Community building
Steve Davis, who a few of you may know, and one of you may be :), recently remarked in his best pedagogical style "You build community by eating together, by having fun together and by working together". I thought that was rather succinct.
How does your church (or socio-political organisation du jour) rate at community building in that assessment? Where does community come in its priorities?

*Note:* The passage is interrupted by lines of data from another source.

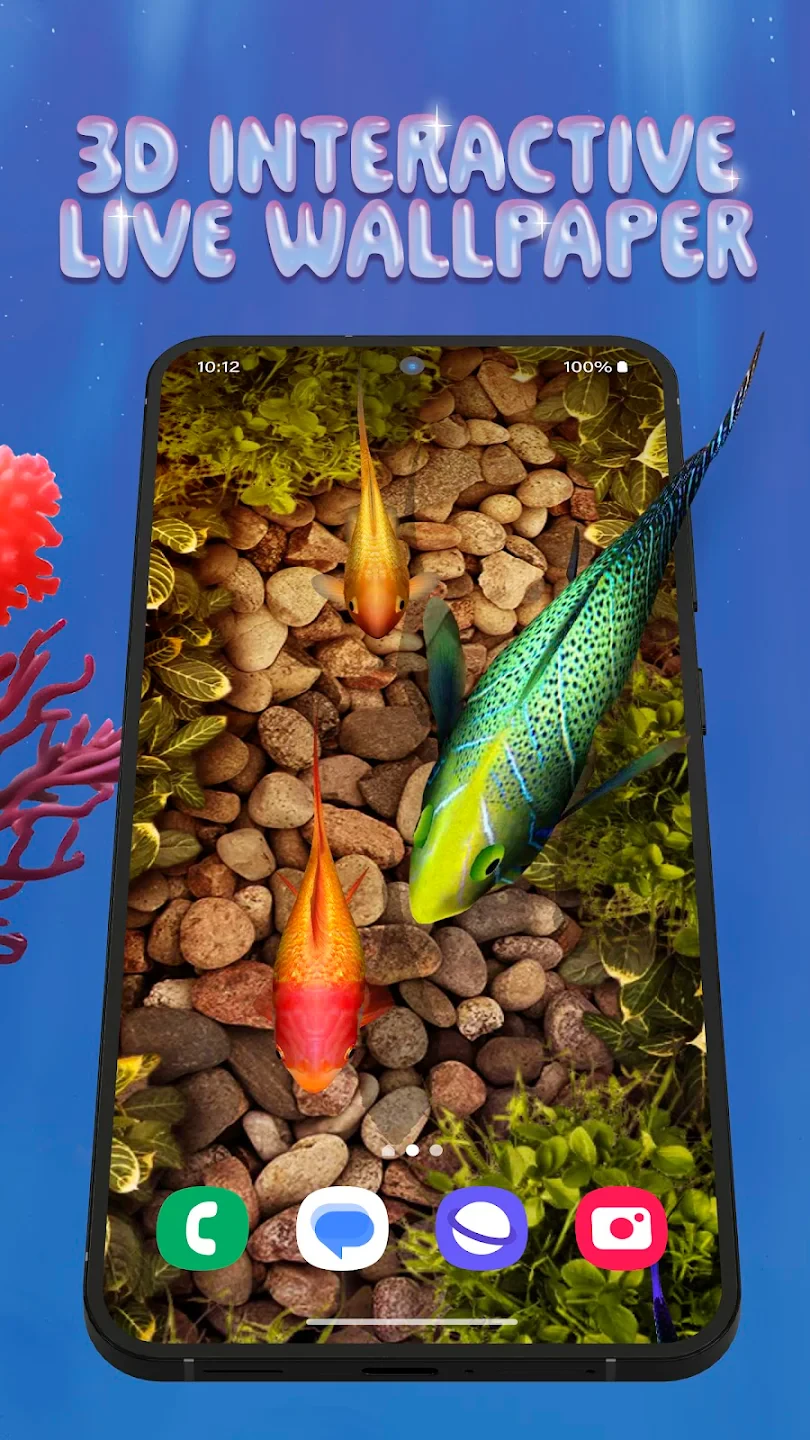 - Interactive Touch Controls: Gently touch the screen to feed a designated fish or trigger specific animations, creating a playful interaction with the virtual inhabitants. This user-friendly feature adds a layer of fun and engagement, making the wallpaper more dynamic and encouraging users to actively participate in their underwater environment.
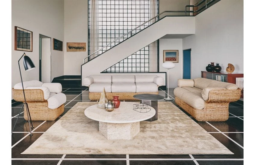 - Made in Italy from travertine, a form of limestone (similar to marble) found near natural mineral springs.
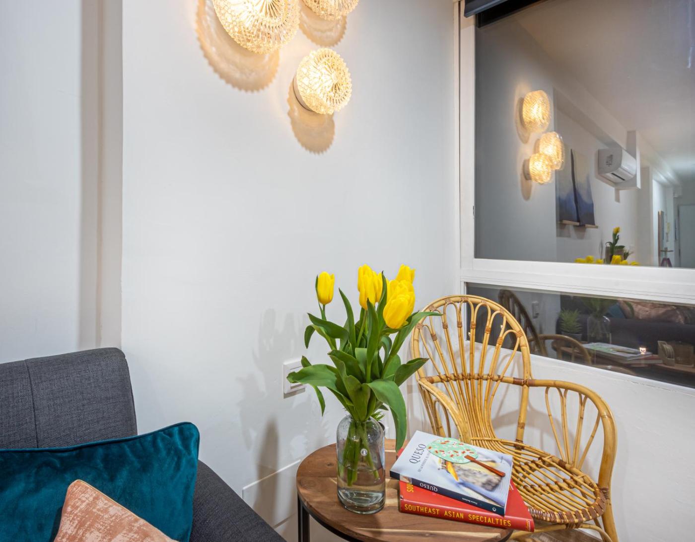 One-Bedroom Apartment. This spacious apartment includes 1 living room, 1 separate bedroom and 1 bathroom with a shower and a hairdryer. Guests can make meals in the kitchen that is fitted with a refrigerator, a dishwasher, kitchenware and a microwave. The air-conditioned apartment offers a flat-screen TV, a washing machine, a tea and coffee maker, a seating area as well as sea views. The unit has 2 beds.
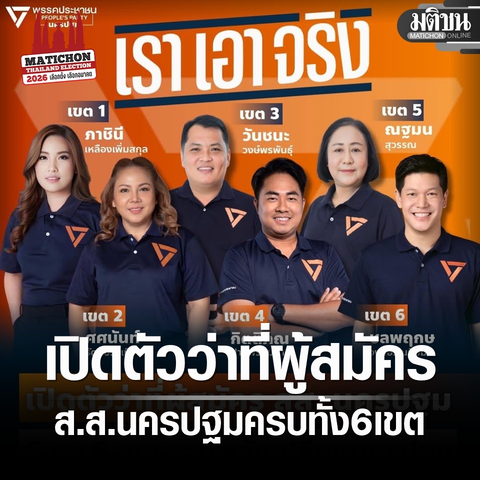 พรรคประชาชน เปิดตัวว่าที่ผู้สมัคร ส.ส.นครปฐม ครบแล้ว 6 เขต
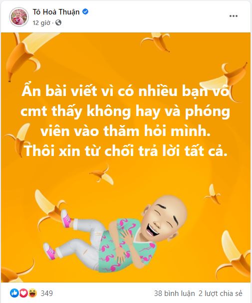 Ở diễn biến mới nhất, Quốc Thuận đã gỡ bài đăng xuống và cho biết sẽ từ chối trả lời thêm về vấn đề này. Mặc dù vậy, cư dân mạng vẫn đang xôn xao bàn tán về mối quan hệ giữa nam diễn viên và ông chủ Điền Quân.
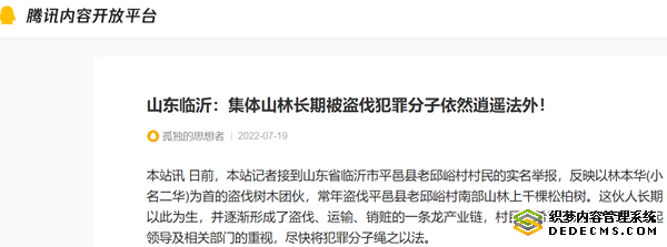 本站讯 日前,本站记者接到山东省临沂市平邑县老邱峪村村民的实名举报,反映以林本华(小名二华)为首的盗伐树木团伙,常年盗伐平邑县老邱峪村南部山林上千棵松柏树。这伙人长期以此为生,并逐渐形成了盗伐、运输、销赃的一条龙产业链,村民们希望通过媒体报道引起领导及相关部门的重视,尽快将犯罪分子绳之以法。
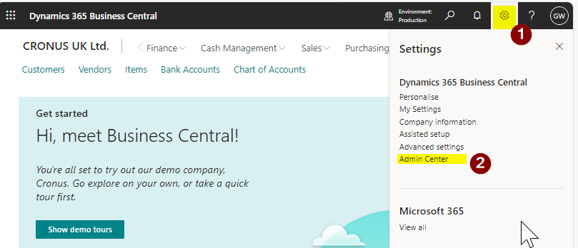 Once in Business Central you can see you have the Copilot icon in the Application Bar
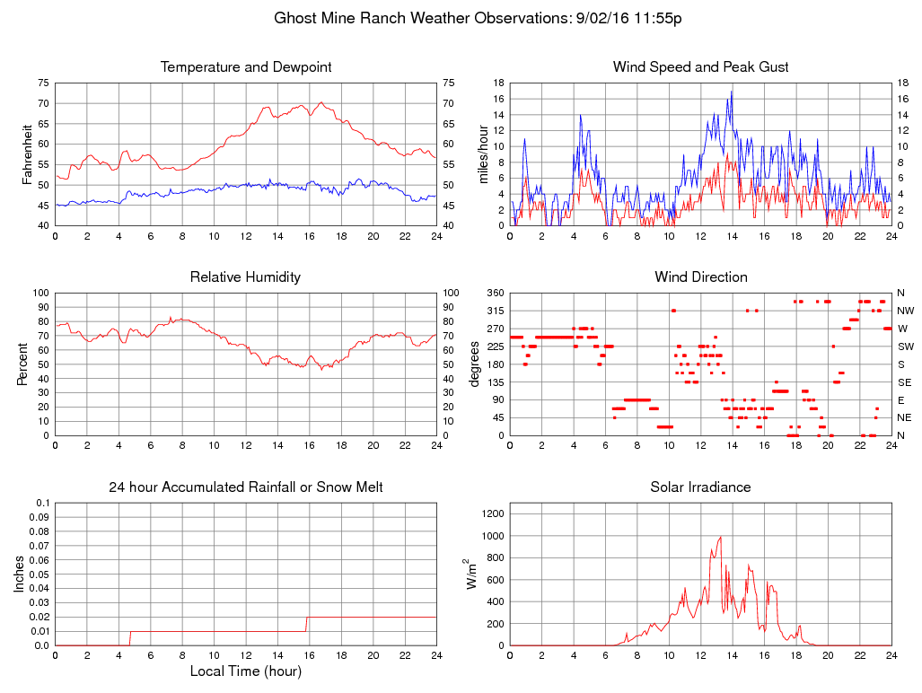 Temperature (F) 56.7 51.4 @ 00:40 70.3 @ 16:45 60.0
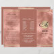 Textura de folha de folhas de cor-de-rosa e de monograma brilhante. Modelo de folheto triplo. Lista de preços de serviço com blocos de informações. Não vem dobrado. Você terá que dobrar brochuras quando o pacote chegar. Montagem básica de excelente para salões de beleza, hairstylist, salões de unhas, restauração de comidas ou outros negócios. Azul

My old church was, I think, fairly typical. There was supper after church and some special groups merited the occasional dinner. There was general chit-chat time, though always at the end of things. There was some fun to be had, but people didn't really feel okay about it unless it had some educational element so in fun-terms it ranked about the same as educational computer games, for anyone who's ever been subjected to those. And there were bible studies, which are kind of work, but not really. Christians will frequently bemoan the fact that they restrict their Christian-ness to one day of the week (though many who aren't Christians, particularly SMH readers, are keen to see those restrictions continue :) ), but when you look at that question in the light of a specific goal or value like community building that you understand why the church has vaporised over the last century.
My current church still clearly bears the marks of this background. There are very few social engagements amongst church members that are not explicitly religious in some way, as though we didn't all do non-explicitly-Christian things with the rest of our lives and couldn't share these things with other Christians without destabilising the very foundations of the church.
But there are other things that are different and, for me at least, unheard of elsewhere. One almost-exception is Cornerstone, which is live music once a month in the church. It is Christian bands, and the church has actually become a somewhat important venue on the small Australian Christian music scene I'm told. The difference is that it isn't made into another church service. Bands play music, which - not having a status quo to adhere to - almost always blends sacred and secular concerns; one song about the pain of a friend leaving the faith next to another about the awkwardness of having your voice break.
They also run a drop-in which feeds 40 or so homeless or otherwise less-than-wealthy people a few times a week. This will occasionally involve a short Christian talk and among the various programs, services and other help that the drop-in team and church provide is included a bible study designed to be friendly to people who aren't middle-class intellectuals. However the focus is on building a community of people who share meals each week; with Christianity unashamedly present, but not dominating or excluding all other concerns.
The result has been startling and now a significant proportion of the night service at church each week is made up of people who joined the church via the drop-in. Not because they are treated any differently if they join the church, but because the barriers to feeling welcome in the church are broken down by sharing meals with others from the church first, along with the whole aspect of seeing the church help people in practical ways as well as spiritual.
For a while, before it became unviable due to dastardly corporate retaliation, they even ran an employment initiative providing back to work programs for long-term unemployed collecting and recycling printer cartridges. Participants got their confidence back in the workplace and got to see a christian model of the workplace and workplace relations.